# Anyone else have/like horses?



## PaintingPintos (Dec 27, 2011)

Just speaking out to fellow horse-lovers/obsessors! I've been obsessed since I was literally 2 years old, and I've always drawn them, gotten stuffed animals, paintings, posters, Breyer horses, etc, etc... This ummer I got a free horse! She lives in a rescue stable with 27 other horses and she was mistreated and neglected, and used to HATE me.. She loves me now! I board her for free there and have all the training tools I need.. I;m LUCKY. I train her with Parelli methods  Tell me about your obsessions/horses!


----------



## Super Fish (Jun 27, 2011)

Horses are my passion, and at the moment, my job. I own a 4 year old thoroughbred mare (retired race horse) who I am retraining as a jumper. She's the light of my life. As well, I have a number of horses who I train, sales horses and horses who I simply care for. I'm a standardbred racehorse groom too. I practically live at the barn!

I personally am not a fan of parelli... I find his methods to be counter productive, but whatever works for you. 










The above is my mare Lilly, a few days after retiring from racing.


----------



## PaintingPintos (Dec 27, 2011)

Super Fish said:


> Horses are my passion, and at the moment, my job. I own a 4 year old thoroughbred mare (retired race horse) who I am retraining as a jumper. She's the light of my life. As well, I have a number of horses who I train, sales horses and horses who I simply care for. I'm a standardbred racehorse groom too. I practically live at the barn!
> 
> I personally am not a fan of parelli... I find his methods to be counter productive, but whatever works for you.
> 
> ...


Lilly is GORGEOUS! I want to steal her. O.O
You're so lucky you have more than one horse!! My mare is -ahem- _sassy_... haha I'm just glad that she doesn't go crazy when she's in heat.
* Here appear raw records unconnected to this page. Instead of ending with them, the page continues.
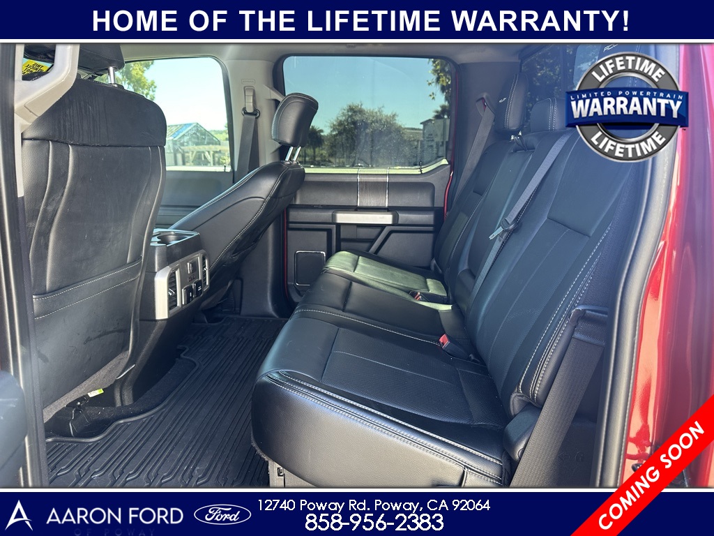Priced below KBB Fair Purchase Price!110V/400W Outlet, 6" Ebony Black Angular Running Boards, Adaptive Steering, Ambient Lighting - Fixed Color, Black Out Surrounds LED Only Headlamps, Body-Color Front & Rear Bumpers, Easy Entry®/Exit Memory Driver's Seat Feature, Ebony Black Painted Front Grille Bars, Ebony Black Painted Mirror Caps, Electronic-Locking w/3.55 Axle Ratio, Engine Block Heater, Flow-Through Console, Front Leather Seating Surfaces 40/Console/40, Fully automatic headlights, GVWR: 10,000 lb Payload Package, Heated Steering Wheel, High Capacity Trailer Tow Package, Intelligent Access w/Push-Button Start, Lariat Sport Appearance Package, Lariat Ultimate Package, LED Box Lighting, Memory Power-Adjustable Pedals, Order Code 608A, Power Heated/Ventilated Driver Seat w/Memory, Power Heated/Ventilated Passenger Seat, Power Telescoping/Tilt Steering Wheel/Column, PowerScope Trailer Tow Mirrors w/Memory, Radio: B&O System by Bang & Olufsen, Rear Parking Sensors, Rear Wheel Well Liners (Pre-Installed), Remote Start System, Remote Tailgate Release, SiriusXM Radio, SYNC 3 Communications & Entertainment System, Tailgate Step & Handle, Tough Bed Spray-In Bedliner, Twin Panel Power Moonroof, Upfitter Switches (6), Voice-Activated Touchscreen Navigation System, Wheels: 20" High-Gloss Black Premium Painted Alum, Windshield Wiper De-Icer.Odometer is 43389 miles below market average!CARFAX One-Owner.To see more quality vehicles like this one right just click on AaronFordofPoway.com or dial (858) 748-1400.
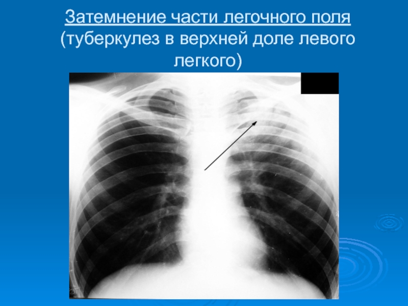 Слайд 35Затемнение части легочного поля (туберкулез в верхней доле левого легкого)
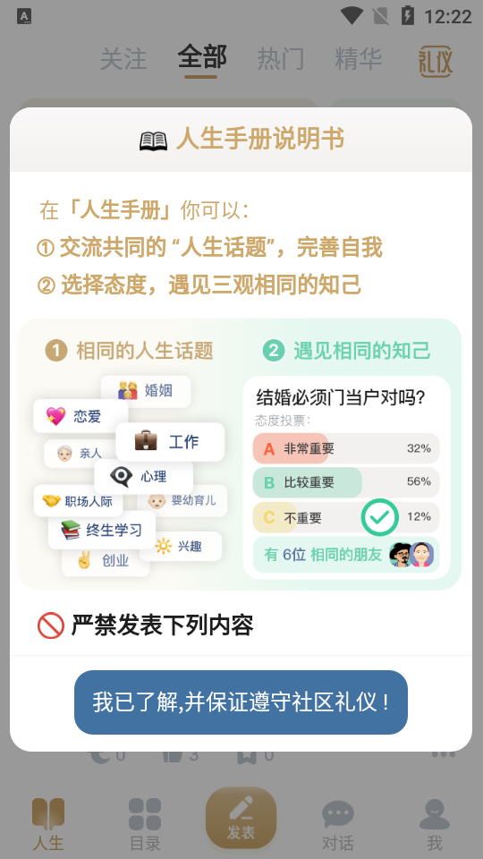 2、通过人生话题,表达交流观点,选择态度,展现三观,这样便可以直观的发现与自己“三观相同”的人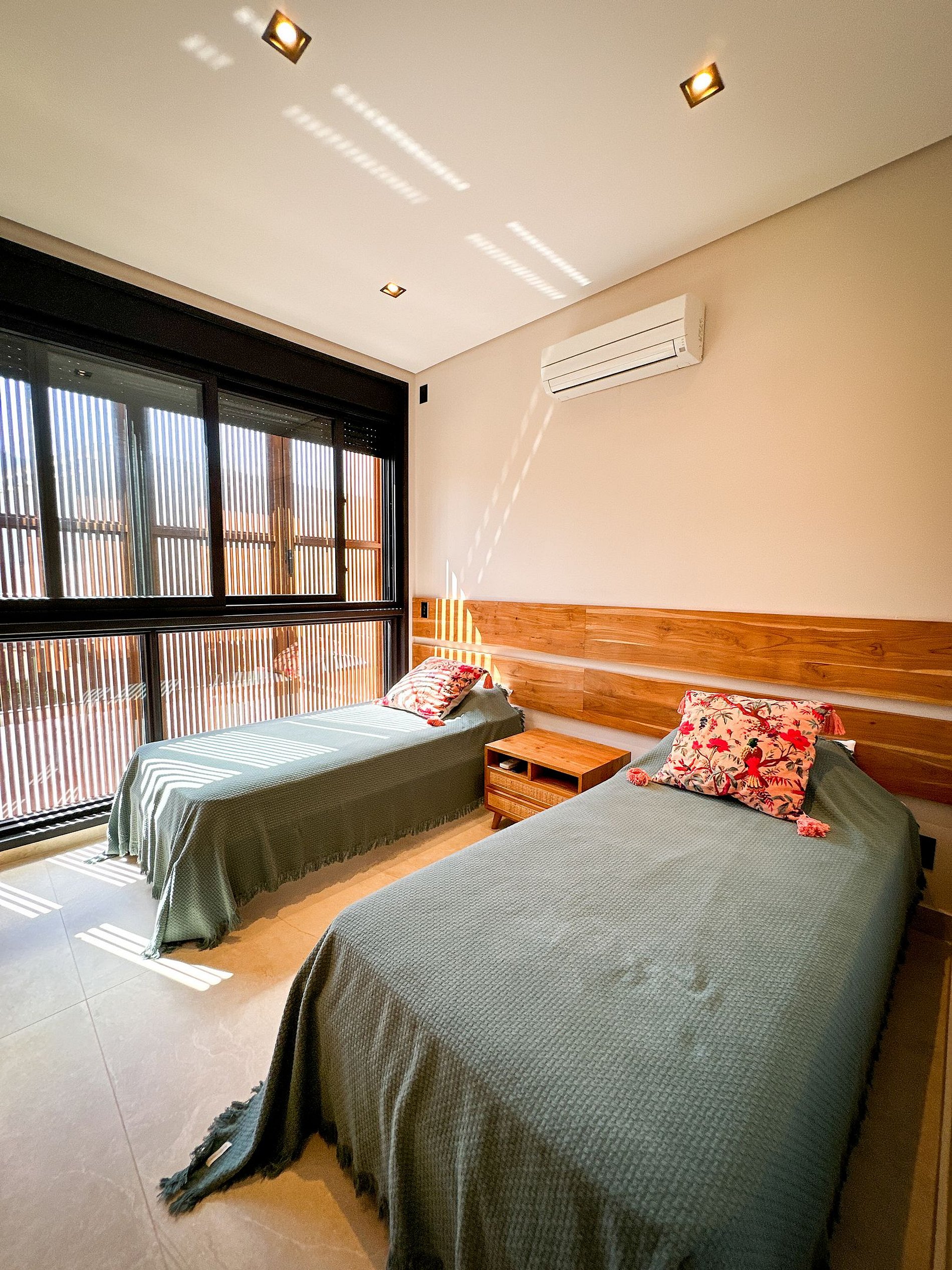São 4 suítes, todas com ar-condicionado e enxoval completo, na seguinte configuração:

There's one mare at the barn who goes INSANE... haha.
I love being at the barn all day. It's like I'm at home 
And I see why you're not a fan of Parelli! It can be counterproductive sometimes, especially when you're confused. For the 6 months I've had my mare, I've ridden her twice, in a gap of 3 weeks. You have to spend a TON of time grooming, being friendly, playing games, etc, etc.... it gets really frustrating if you don't feel like catching the horse's attention with silly moves. You really have to let go of your serious side and be really energetic and playful.. to each her own


----------



## BeautifulBetta (Nov 12, 2011)

Awwww so pretty! I love horses so much, but I've never had one. I used to take riding lessons and go trail riding whenever I could. Being on a horse is just so...perfect.


----------



## Sprinkles (Dec 6, 2011)

I have been involved with horses for 10 years now. Hard to believe it's been that long sometimes! I currently own a 16 year old black American Quarter Horse mare, a 7 year old sorrel American Quarter Horse gelding, and a miniature spotted donkey. XD


----------



## ArcticRain (Aug 11, 2011)

When I was little I wanted to be a Horse Trainer/Vet. I had a huge collection of Breyer Horses, about Fifty books and I saddle that still sits in my room. I took lessons in Western, Dressage and Jumping for five years. I had a pony when I was little... Meanest pony ever. He was so bad, he would drag people around the pasture by his lead rope. Never going to have a pony ever again. We found him a nice home with someone who was willing to work with him. Me being 9 at the time, could not. I have since stopped riding after having two horses buck, rear and take off with me on them. I handled it well and knew what to do in that particular situation but, I have never ridden a horse since that day. It's quite sad when you think about it, me being so close to competing in shows and actually having a chance at winning. My instructor said I could have a real career with horses. I know when you fall of a horse you have to jump back on but, almost being thrown off a horse and being trampled has scared me for life....


----------



## PaintingPintos (Dec 27, 2011)

ArcticRain said:


> When I was little I wanted to be a Horse Trainer/Vet. I had a huge collection of Breyer Horses, about Fifty books and I saddle that still sits in my room. I took lessons in Western, Dressage and Jumping for five years. I had a pony when I was little... Meanest pony ever. He was so bad, he would drag people around the pasture by his lead rope. Never going to have a pony ever again. We found him a nice home with someone who was willing to work with him. Me being 9 at the time, could not. I have since stopped riding after having two horses buck, rear and take off with me on them. I handled it well and knew what to do in that particular situation but, I have never ridden a horse since that day. It's quite sad when you think about it, me being so close to competing in shows and actually having a chance at winning. My instructor said I could have a real career with horses. I know when you fall of a horse you have to jump back on but, almost being thrown off a horse and being trampled has scared me for life....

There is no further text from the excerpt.